In addition to deep learning models like HAN, this study also fine-tuned PLMs to use their text-understanding capabilities for fake news detection. PLMs, including BERT [23], RoBERTa [24], decoding-enhanced BERT with disentangled attention (DeBERTa) [25], and XLNet [26], are state-of-the-art models widely used in NLP tasks. BERT, introduced by Google, uses masked language modeling and next-sentence prediction to generate contextualized word representations. RoBERTa, an enhancement of BERT by Meta, removes next-sentence prediction and incorporates optimization strategies for improved performance. DeBERTa introduces disentangled attention and enhanced mask decoder mechanisms to further refine self-attention, achieving superior results across NLP tasks. XLNet, developed by Google, employs permutation language modeling and the Transformer-XL architecture to effectively understand bidirectional contextual comprehension, especially in processing long texts, surpassing BERT and RoBERTa in various benchmarks.

Large Language Models

The success of LLMs in recent years has significantly advanced applications in the field of NLP. For the classification task in this study, we used OpenAI’s generative pretrained transformer (GPT) embedding model “text-embedding-ada-002” [27,28] and Google’s Gemini embedding model [29] to transform the training set data, combining it with machine learning methods such as SVM for training. Integrating knowledge from large language models and the training dataset helped improve the text classification predictions. Furthermore, we directly applied ChatGPT-4 [30], the state-of-the-art LLM, to infer the texts in the test set. This allowed us to compare the performance of LLMs with our proposed method.

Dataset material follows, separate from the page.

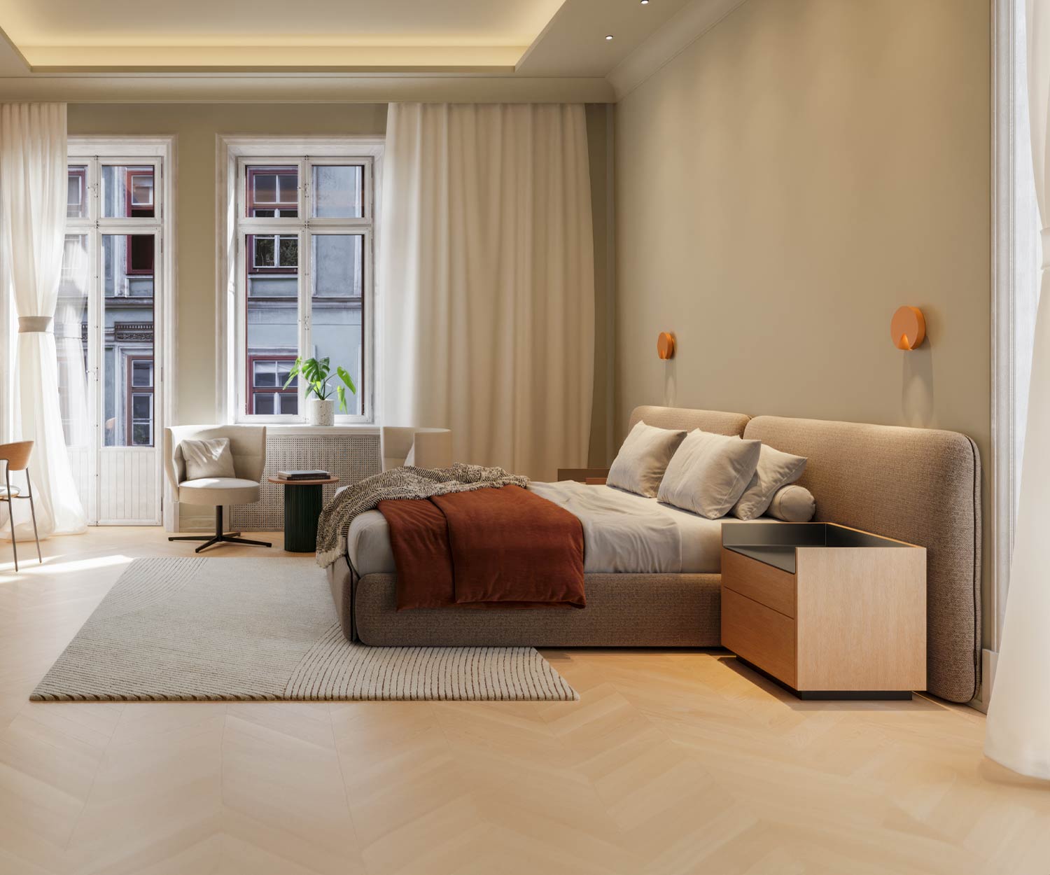 I due cassetti del comodino Punt Stockholm sono privi di maniglie e possono essere aperti e chiusi con la tecnologia push-to-open. Offrono un'estensione completa e scorrono in modo silenzioso, stabile e affidabile sulle guide Blum. Lo zoccolo è regolabile in altezza per compensare le irregolarità del pavimento.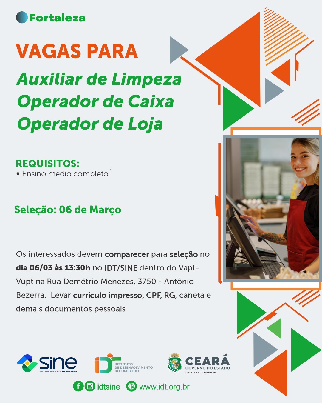 Se você está procurando emprego em Crateús ou deseja divulgar vagas da sua empresa, o IDT/SINE é o canal oficial de intermediação entre trabalhador e empregador.

Fuzzy Rank-Based Ensemble Technique

Ensemble learning combines the strengths of individual models to yield predictions that outperform any contributing model. This study proposed an approach to enhance prediction performance by incorporating the Gompertz function into ensemble learning techniques.

We employed a fuzzy rank-based ensemble technique [31], where the confidence of each classifier in its predictions was given priority for each test case. This differed from traditional ensemble methods like the average or weighted average rules, which assign predefined fixed weights to classifiers. Moreover, the reparameterized Gompertz function was used to compute the fuzzy ranks of each pretrained model for detection. Incorporating state-of-the-art PLMs like RoBERTa, DeBERTa, and XLNet further improved our approach. These PLMs bring advanced language understanding abilities to the ensemble, contributing to its robust performance. Afterward, the predictions of the 3 models were fused. Figure 1 outlines the process of the proposed method.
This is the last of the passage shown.